Once beloved among gaming equities, Penn National Gaming (NASDAQ:PENN) stock is off 41.53 percent from its March highs. At least one analyst believes that sell-off is unjustified.
Following investor meetings with Penn CEO Jay Snowden, Stifel analyst Steven Wieczynski issued a new report on the gaming company, reiterating a “buy” rating and a $108 price target. That implies upside of about 35 percent from the May 25 close.
After last year’s coronavirus market tumble, Penn notched one of the sharpest rallies among all gaming equities as investors bid the name higher due to iGaming and sports betting operations. However, strength in the company’s expansive portfolio of regional casinos should not be overlooked, particularly against the back drop of pent-up demand and increasingly COVID-19 vaccination levels.
Coming out of these meetings we feel incrementally positive about regional gaming trends across the majority of the country as we believe trends have remained strong thru May with customer length of stay and spend per visit continuing to be elevated,” said Wieczynski.
The analyst is increasing is his 2021 through 2023 earnings before interest, taxes, depreciation and amortization (EBITDA) estimates on Penn, though he notes more of the “lift” will come in the further out years. Penn is the largest regional casino operator in the US with roughly 40 casinos across 20 states.
Penn Stock Got Ahead Itself, Now Ready to Rebound
Coming into this year, Penn stock was already on a torrid pace following its bounce from its March 2020 nadir. That strength continued as the gaming name doubled from early January into mid-March, a run culminating in its inclusion in the S&P 500.
From there, the stock joined other online casino/sportsbook operators in swooning as investors fretted about market access and valuations, indicating some of the names ran too far too fast. Following a tumble that likely shook some weak hands from the name, Penn could be offering investors an attractive place to get involved, according to Wieczynski.

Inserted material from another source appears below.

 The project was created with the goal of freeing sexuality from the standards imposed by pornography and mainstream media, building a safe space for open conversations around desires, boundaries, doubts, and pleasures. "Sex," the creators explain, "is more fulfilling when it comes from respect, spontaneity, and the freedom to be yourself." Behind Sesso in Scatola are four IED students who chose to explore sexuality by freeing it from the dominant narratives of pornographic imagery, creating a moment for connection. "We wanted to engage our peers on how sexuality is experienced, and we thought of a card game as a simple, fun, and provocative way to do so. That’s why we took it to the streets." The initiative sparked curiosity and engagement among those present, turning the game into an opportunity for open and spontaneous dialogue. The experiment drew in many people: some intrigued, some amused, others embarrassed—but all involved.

“While we would argue shares were probably ahead of themselves back in March/April as the sports betting/iGaming euphoria was at its peak, at this point when we analyze the value of the different business segments of PENN, we feel much more comfortable that the market isn’t now baking in some ridiculous value for their sports betting/iGaming businesses,” said the analyst.
Unlike pure play internet casino and sportsbook operators, Penn has an avenue for augmenting potential weakness in those businesses via its thriving land-based casino operations.

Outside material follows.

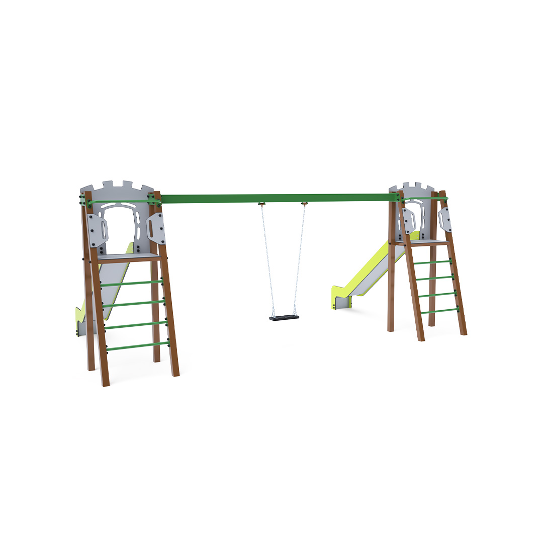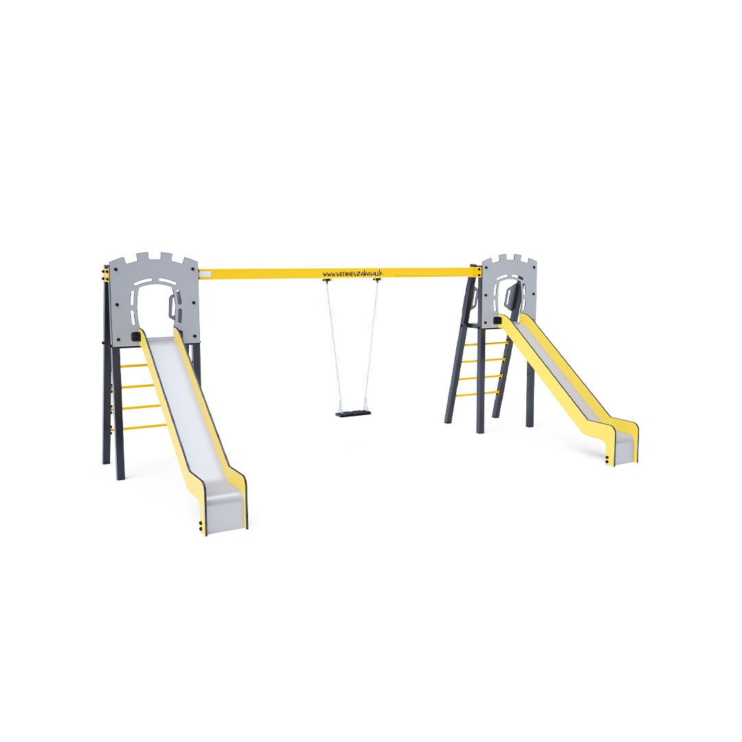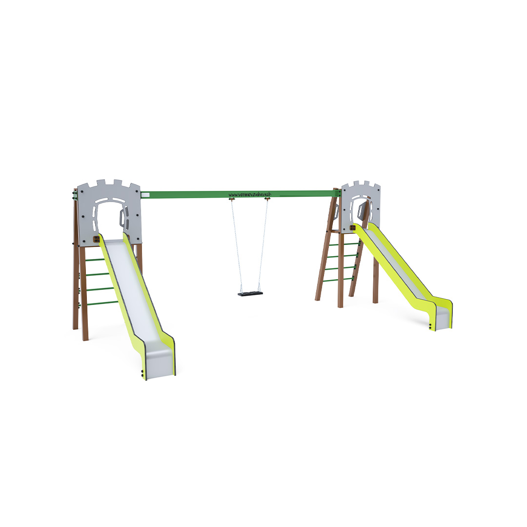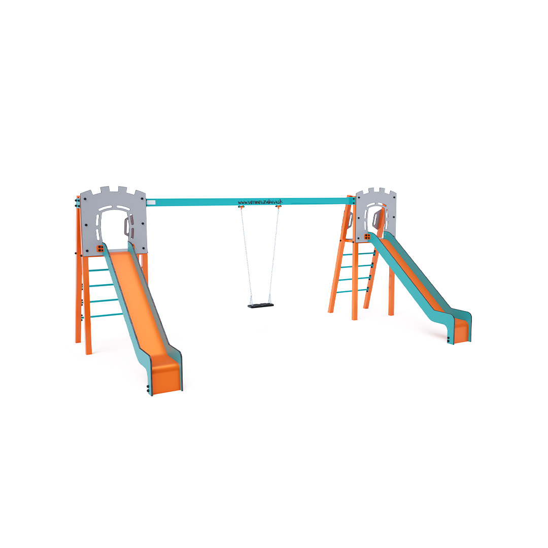 Zwei zertifizierte, wartungsfreie A-förmige Türme mit geriffeltem Ausgang und Rutsche, ergänzt durch eine Hängeschaukel. Sie haben die Wahl zwischen einem klassischen Sitz und einem Babysitz. Der Babysitz verfügt über ein Laufgitter mit einer Querstange zwischen den Beinen des Kindes, die ein Ausrutschen oder Stürzen verhindert. Gleichzeitig kann das Kind sich anlehnen. Die Stahlkonstruktion ist dank Verzinkung und widerstandsfähiger Pulverbeschichtung witterungsbeständig. Die verwendeten Materialien HPL und HDPE sind chemikalienbeständig, UV-beständig, farbecht, ungiftig, recycelbar und bruchfest. Es besteht keine Verletzungsgefahr durch scharfe Kanten oder Splitter.

It wasn’t that long ago that Penn and many of its peers were viewed as richly valued, but following the aforementioned weakness, a case can be made the regional casino name is now looking attractive on valuation.
“We believe PENN’s core business remains undervalued relative to peers. What we think gets overlooked is their geographical diversification which has been a huge advantage relative to peers over the last 15 months,” said Wieczynski.
No state Penn operates in accounts for more than 15% of its revenue. The analyst’s $108 price target on Penn stock assumes $68 for traditional businesses and $40 for iGaming/sports wagering.